Dictionary in hand, Atkinson soaked up the advice of a local oenologist. ‘He began by asking me a very simple question: did I want to make good wine or bad? There were many things to do, beginning with very basic hygiene improvements like replacing the mud floor of the chai with cement.’ During her first year she struggled against adversity. An experienced vineyard-hand who helped out one day a week moved to a job elsewhere and her first taste of the vagaries of nature came with a late, sharp frost which killed off many of the buds. James eventually recovered his health, but decided to return to Britain. The couple are now amicably separated.

By 1992, Patricia had made her first wine – a few thousand bottles of reds from the Merlot, Cabernet Sauvignon and Cabernet Franc grape varieties, plus some dry and sweet whites. She sent a couple of pallets to a warehouse in Britain and then a friend hawked samples around restaurants and retailers. ‘It was all very amateurish,’ recalls Atkinson. Maybe it was, but it worked. Justerini and Brooks ordered the first of many consignments of sweet whites and the reds and the rosé would follow. Her Clos d’Yvigne winery had begun to blossom and Atkinson afforded herself a little respite from working in the fields. ‘It’s just amazing how many miles you have to walk every single day,’ she says. She also embarked on a series of wine-tasting courses. ‘This was a definite awakening,’ she enthuses. ‘After setting out to just get on with what had to be done, you might say it was the beginning of a passion for wine.’ Atkinson was told she had a remarkable professional nose and was subsequently invited to join the team of judges on the Bergerac appellation tasting panel. ‘It was intimidating at first, but it gave me great confidence,’ she admits.Back at the vineyard, she worked hard to build on the potential of a fine limestone-based terroir of gravel and clay.

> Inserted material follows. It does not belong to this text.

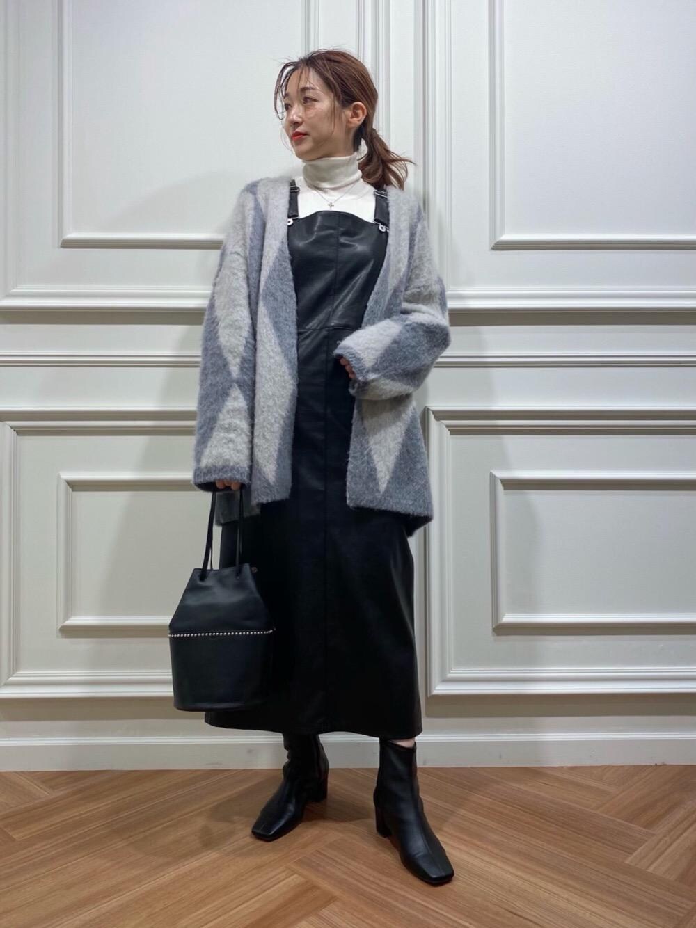 フェイクレザーのジャンパースカートでトレンドを意識したコーディネートにしました。小物も、スカートの金具と色味を合わせてシルバーで統一しました。

She reduced yield to improve quality, ripped out old vines and replanted new varieties. And in 1998, she bought a neighbour’s plot of 11ha; this has boosted her yearly production to 70,000 bottles – two thirds of which is now exported to the UK.

Sweet success

‘In France, I sell to one négociant, quite a number of restaurants and a sizeable volume of drive-by customers,’ says Atkinson. Her success in Britain includes appearing on the wine list at the Waterside in London – a three-star Michelin restaurant. ‘A lot of it has been by word of mouth. For example, it was after a dinner party where one of my bottles was served that I had a call from someone at Corney & Barrow.’Atkinson, who now affords herself the luxury of one full-time worker on the estate, is a modest person who winces at the suggestion that her success is remarkable. But she does have some sound advice to anyone thinking of doing the same: ‘You need determination, a passion for what you are doing and a bit of luck. One should never be smug. There’s always room for improvement.’ She says she is thoroughly content with her new life and has no plans other than to continue in the same vein. ‘On reflection, it’s a pity I didn’t begin winemaking earlier,’ she laughs.

Clos d’Yvigne Vineyard, Le Bourg 24240 Gageac et Rouillac, France. Tel: 00 33 553 22 94 40

21ha, 16 of which are planted

Annual Production: 70,000 bottles



Appellation Cotes de Bergerac Controlee

Le Rouge et Le Noir (Merlot/Cabernet Sauvignon)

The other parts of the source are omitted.